There are distinct populations, with an almost religious schism between them, in the more southerly reaches they're dragon worshippers, and if a tribe isn't serving one, they're looking for one to serve, and thus migratory.
More to the north they worship a pantheon of cthonic deities; this group has given rise to the bloodlines with an especially strong natural understanding of and inclination to traps. This group only migrates if they're threatened.

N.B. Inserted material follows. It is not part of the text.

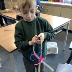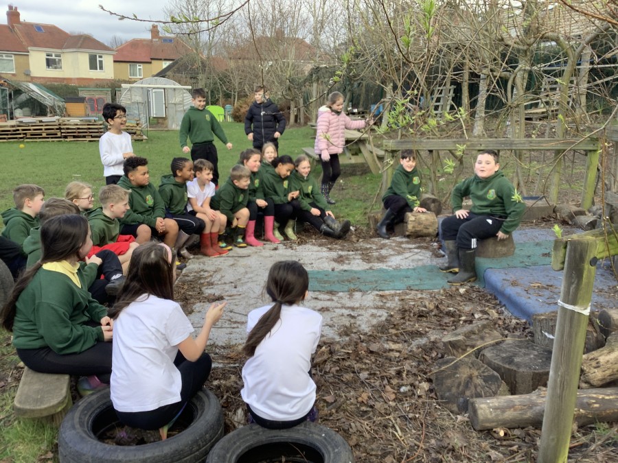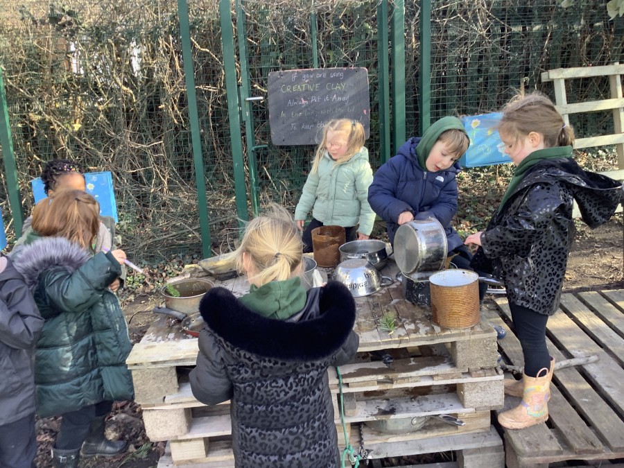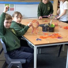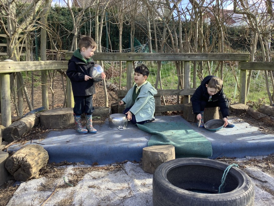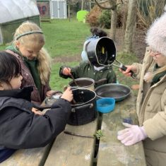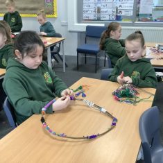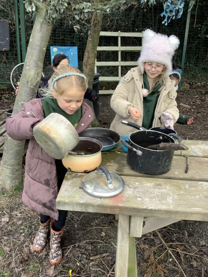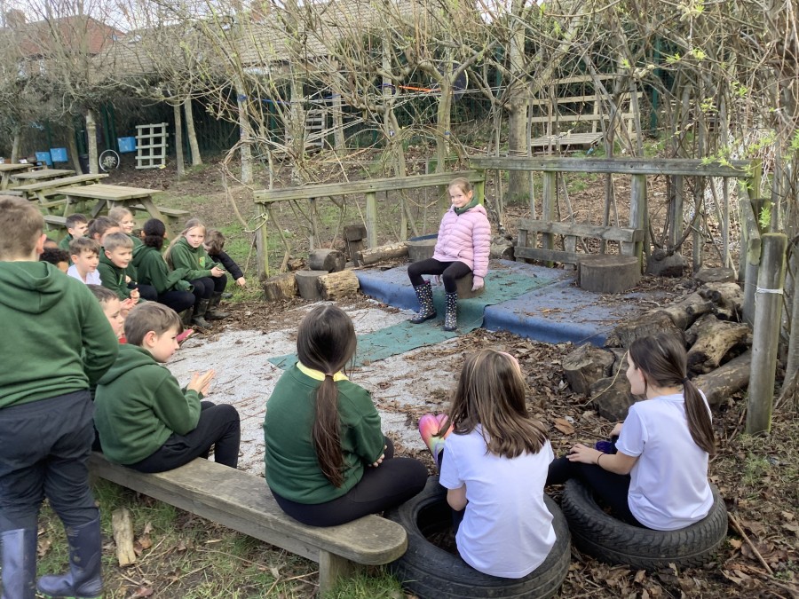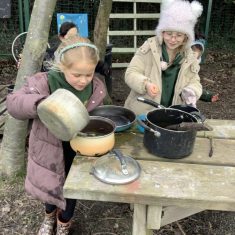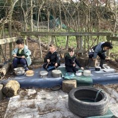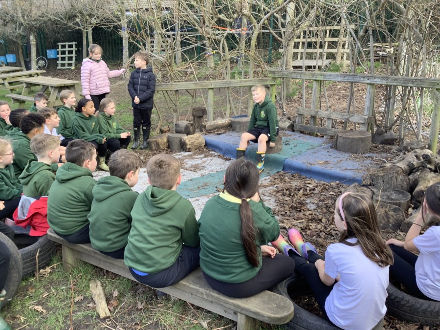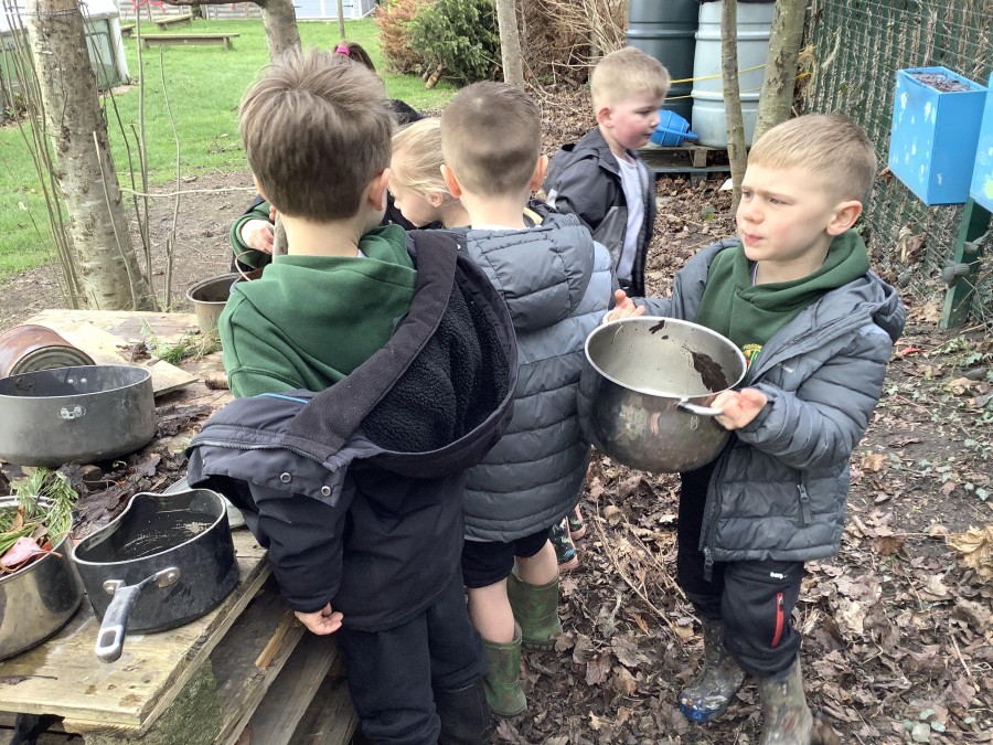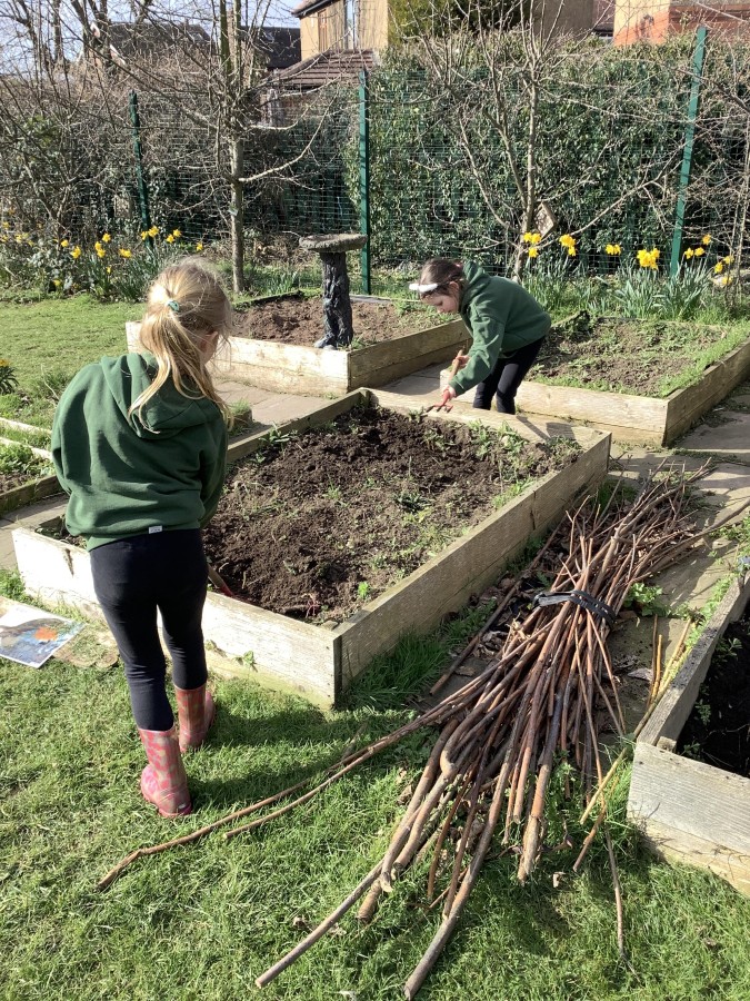 Year 4 decided to use the Forest School Stage to tell jokes, very entertaining. The hens are enjoying the sunshine and the attention. The Mud Kitchen Cafe is in full swing with all sorts of delicious muddy dishes being created. Then Reception took over the stage. It all started with one boy, a stick and a pan. Then a friend joined it and before we knew it there was a whole percussion section banging out beats. Year 2 started preparing the raised beds ready for planting and then the weather turned. That didn’t stop the fun though as Years 3 and 6 decorated willow shapes that will be used outside to brighten up some of our fencing. A busy week for everyone.

Both groups get by with subsistence farming of fungal crops. Being slender but hardy they also make good miners, and some tribes make a good living off of ore, metal, or gems they sell to both surface and deeper dwellers. They both resort to banditry as needed. The migratory groups of the dragon worshipers sometimes sell their services as mercenaries; the trapkeeners sell their devices or services as trap makers or springers.
Dragons don't have much interest in enslaving the trapkenner kind, especially when they can just find some dragon worshippers. Too much effort, not appealing enough to their vanity.

Pretty much every culture has their own origin story of course. The dune living lizard folk believe that they were dropped to this land (a sort of pan-dimensional prison plane) as punishment for a misdeed done in the true world. The marsh dwelling ones believe that they're the direct children of the Great Mother, and that other races are basically mutations of her cast-off pieces of body (humans are born from the liquids from her nicitating membranes; goblins and orcs were scale tics, etc). The jungle dwelling ones believe that all thinking races were born of fruit from the world tree, but that many have forgotten their assigned and proper place to drop seeds.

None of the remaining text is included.